SIGNATURES: Luis Miguel Gilpérez López - President of the Board of Directors; Shakhaf Wine – Vice-President of the Board of Directors; Felix Pablo Ivorra Cano; Ignácio Aller Mallo (Director represented by Luis Miguel Gilpérez López); Luis Miguel da Fonseca Pacheco de Melo (Director represented by Shakhaf Wine); Luiz Kaufmann; Rui Manuel de Medeiros d´Espiney Patrício (Director represented by Shakhaf Wine); José Guimarães Monforte; Antonio Gonçalves e Marcelo Santos Barbosa – Directors and Breno Rodrigo Pacheco de Oliveira - Secretary.

The present certificate is a true and correct copy of the minutes of the extraordinary meeting of the Board of Directors, held on March 20, 2009 drawn up in the proper corporate book.

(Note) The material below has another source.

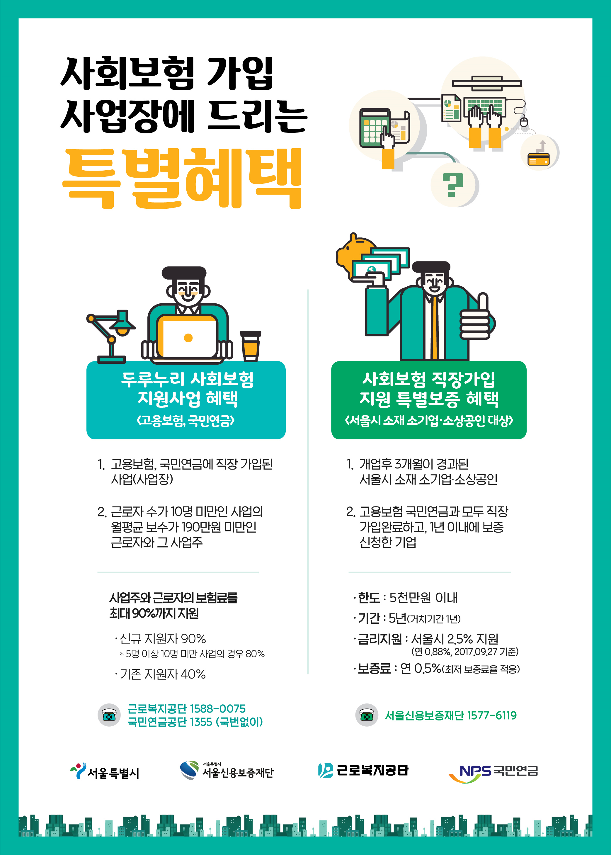 2. 사회보험 직장가입 지원 특별보증 혜택(서울시소재 소기업, 소상공인 대상)

Breno Rodrigo Pacheco de Oliveira
Secretary - OAB/RS No. 45.479



SIGNATURE

Pursuant to the requirements of the Securities Exchange Act of 1934, the registrant has duly caused this report to be signed on its behalf by the undersigned, thereunto duly authorized.

Date: March 27, 2009

TELEMIG CELULAR PARTICIPAÇÕES S.A.
   
By: /s/       Ernesto Gardelliano
  -------------------------------------------------------------
Name: Ernesto Gardelliano
Title: Investor Relations Officer

FORWARD-LOOKING STATEMENTS

This press release may contain forward-looking statements. These statements are statements that are not historical facts, and are based on management's current view and estimates offuture economic circumstances, industry conditions, company performance and financial results. The words "anticipates", "believes", "estimates", "expects", "plans" and similar expressions, as they relate to the company, are intended to identify forward-looking statements. Statements regarding the declaration or payment of dividends, the implementation of principal operating and financing strategies and capital expenditure plans, the direction of future operations and the factors or trends affecting financial condition, liquidity or results of operations are examples of forward-looking statements. Such statements reflect the current views of management and are subject to a number of risks and uncertainties. There is no guarantee that the expected events, trends or results will actually occur. The statements are based on many assumptions and factors, including general economic and market conditions, industry conditions, and operating factors. Any changes in such assumptions or factors could cause actual results to differ materially from current expectations.